• **REQUIRED ACTION**
Pictures within the data are to be left out; everything else must be reproduced exactly.

(Beginning of DATA BELOW)

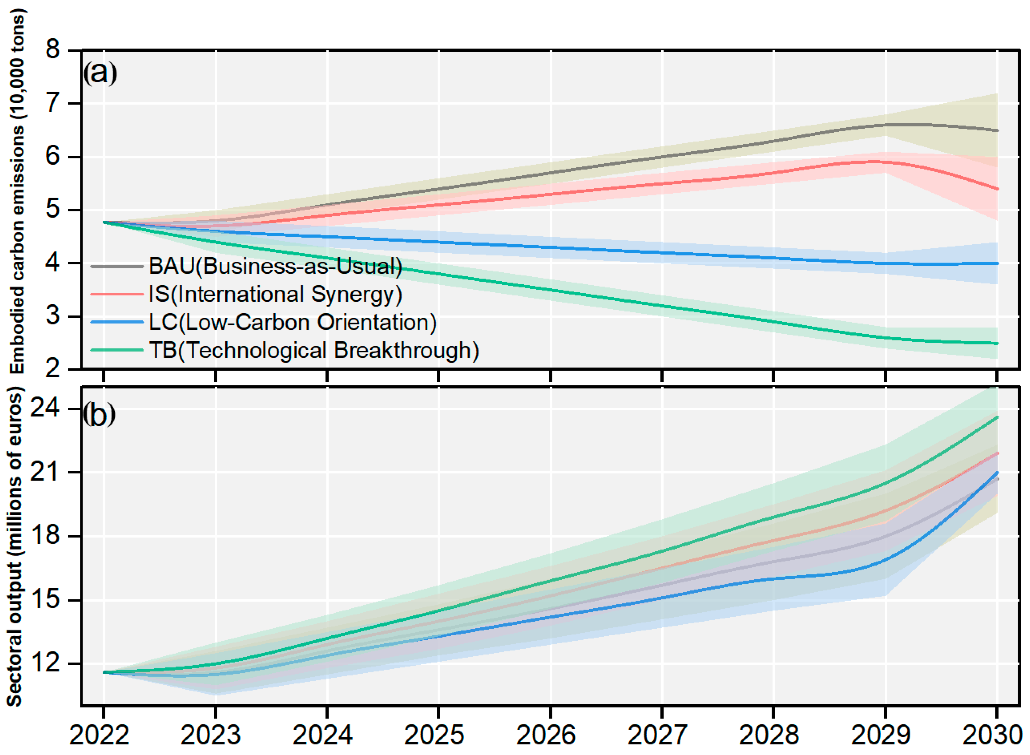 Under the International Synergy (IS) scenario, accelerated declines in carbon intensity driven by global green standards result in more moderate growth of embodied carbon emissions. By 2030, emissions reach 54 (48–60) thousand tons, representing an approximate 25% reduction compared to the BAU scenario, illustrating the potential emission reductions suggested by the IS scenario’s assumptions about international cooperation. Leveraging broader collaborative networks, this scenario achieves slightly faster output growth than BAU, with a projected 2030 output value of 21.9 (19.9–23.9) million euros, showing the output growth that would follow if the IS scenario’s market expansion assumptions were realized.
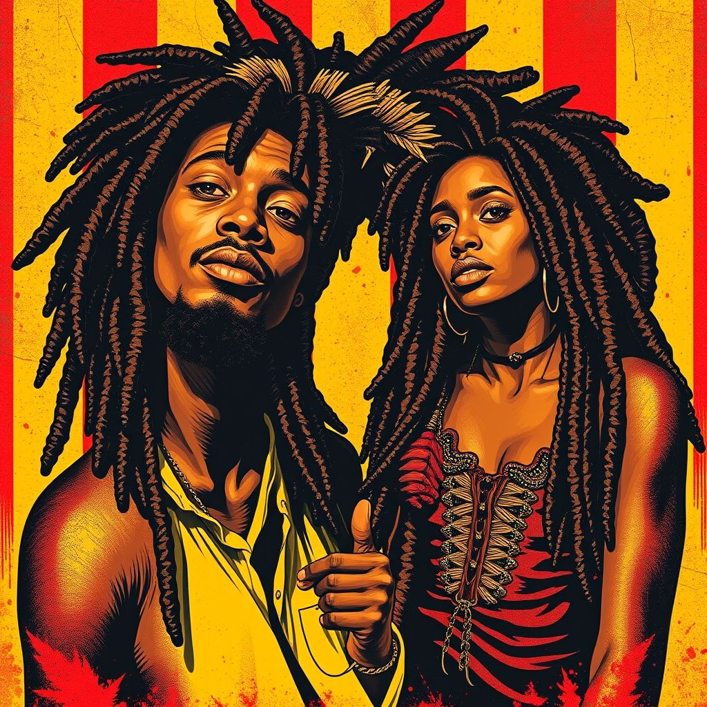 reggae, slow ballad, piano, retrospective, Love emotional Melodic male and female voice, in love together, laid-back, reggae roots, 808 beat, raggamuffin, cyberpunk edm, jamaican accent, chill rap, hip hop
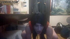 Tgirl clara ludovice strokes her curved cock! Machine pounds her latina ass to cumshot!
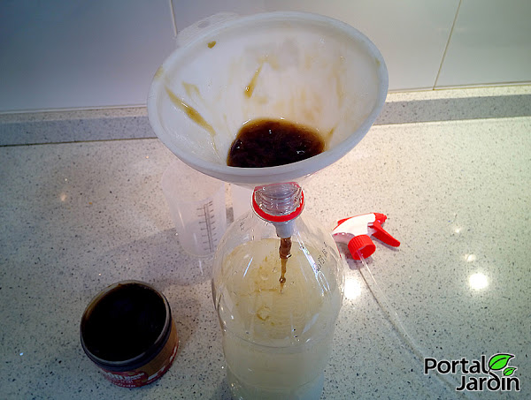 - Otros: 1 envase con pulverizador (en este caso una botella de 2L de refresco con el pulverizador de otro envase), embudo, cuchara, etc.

(End of DATA BELOW)

• **RESPONSE TO THE EXERCISE**
 Under the International Synergy (IS) scenario, accelerated declines in carbon intensity driven by global green standards result in more moderate growth of embodied carbon emissions. By 2030, emissions reach 54 (48–60) thousand tons, representing an approximate 25% reduction compared to the BAU scenario, illustrating the potential emission reductions suggested by the IS scenario’s assumptions about international cooperation. Leveraging broader collaborative networks, this scenario achieves slightly faster output growth than BAU, with a projected 2030 output value of 21.9 (19.9–23.9) million euros, showing the output growth that would follow if the IS scenario’s market expansion assumptions were realized.
 reggae, slow ballad, piano, retrospective, Love emotional Melodic male and female voice, in love together, laid-back, reggae roots, 808 beat, raggamuffin, cyberpunk edm, jamaican accent, chill rap, hip hop
 Tgirl clara ludovice strokes her curved cock! Machine pounds her latina ass to cumshot!
 - Otros: 1 envase con pulverizador (en este caso una botella de 2L de refresco con el pulverizador de otro envase), embudo, cuchara, etc.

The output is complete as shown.